Thread: Linux I/O tuning: CFQ vs. deadline

From:
Greg Smith
Date:

Recently I've made a number of unsubstantiated claims that the deadline
scheduler on Linux does bad things compared to CFQ when running
real-world mixed I/O database tests.  Unfortunately every time I do one
of these I end up unable to release the results due to client
confidentiality issues.  However, I do keep an eye out for people who
run into the same issues in public benchmarks, and I just found one:
http://insights.oetiker.ch/linux/fsopbench/

The problem analyzed in the "Deadline considered harmful" section looks
exactly like what I run into:  deadline just does some bad things when
the I/O workload gets complicated.  And the conclusion reached there,
"the deadline scheduler did not have advantages in any of our test
cases", has been my conclusion for every round of pgbench-based testing
I've done too.  In that case, the specific issue is that reads get
blocked badly when checkpoint writes are doing heavier work; you can see
the read I/O numbers reported by "vmstat 1" go completely to zero for a
second or more when it happens.  That can happen with CFQ, too, but it
consistently seems more likely to occur with deadline.

--
Greg Smith    2ndQuadrant   Baltimore, MD
PostgreSQL Training, Services and Support
  www.2ndQuadrant.com


From:
"Albe Laurenz"
Date:

Greg Smith wrote:
> Recently I've made a number of unsubstantiated claims that the deadline
> scheduler on Linux does bad things compared to CFQ when running
> real-world mixed I/O database tests.  Unfortunately every time I do one
> of these I end up unable to release the results due to client
> confidentiality issues.  However, I do keep an eye out for people who
> run into the same issues in public benchmarks, and I just found one:
> http://insights.oetiker.ch/linux/fsopbench/

That is interesting; particularly since I have made one quite different
experience in which deadline outperformed CFQ by a factor of approximately 4.

So I tried to look for differences, and I found two possible places:
- My test case was read-only, our production system is read-mostly.
- We did not have a RAID array, but a SAN box (with RAID inside).

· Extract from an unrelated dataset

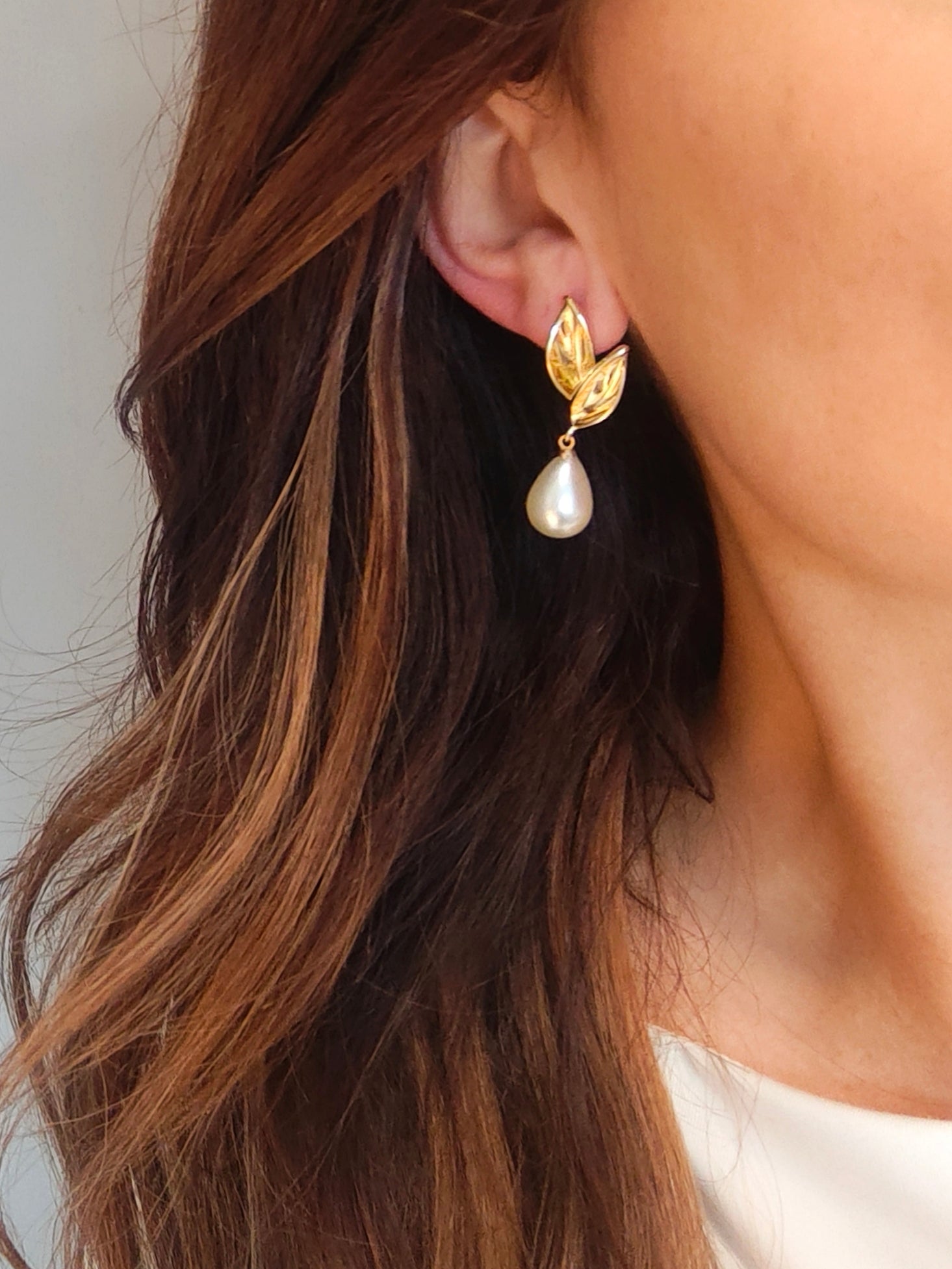 A teardrop ivory pearl suspended from an 18ct gold plated floral stud.

The "noop" scheduler performed about as well as "deadline".
I wonder if the two differences above could explain the different
result.

Yours,
Laurenz Albe

From:
"Kevin Grittner"
Date:

"Albe Laurenz" <> wrote:
> Greg Smith wrote:

>> http://insights.oetiker.ch/linux/fsopbench/
>
> That is interesting; particularly since I have made one quite
> different experience in which deadline outperformed CFQ by a
> factor of approximately 4.

I haven't benchmarked it per se, but when we started using
PostgreSQL on Linux, the benchmarks and posts I could find
recommended deadline=elevator, so we went with that, and when the
setting was missed on a machine it was generally found fairly
quickly because people complained that the machine wasn't performing
to expectations; changing this to deadline corrected the problem.

> So I tried to look for differences, and I found two possible
> places:
> - My test case was read-only, our production system is
>   read-mostly.

Yeah, our reads are typically several times our writes -- up to
maybe 10 to 1.

> - We did not have a RAID array, but a SAN box (with RAID inside).

No SAN here, but if I recall correctly, this was mostly an issue on
our larger arrays -- RAID 5 with dozens of spindles on a BBU
hardware controller.

Other differences between our environment and that of the benchmarks
cited above:

 - We use SuSE Linux Enterprise Server, so we've been on *much*
   earlier kernel versions that this benchmark.

 - We've been using xfs, with noatime,nobarrier.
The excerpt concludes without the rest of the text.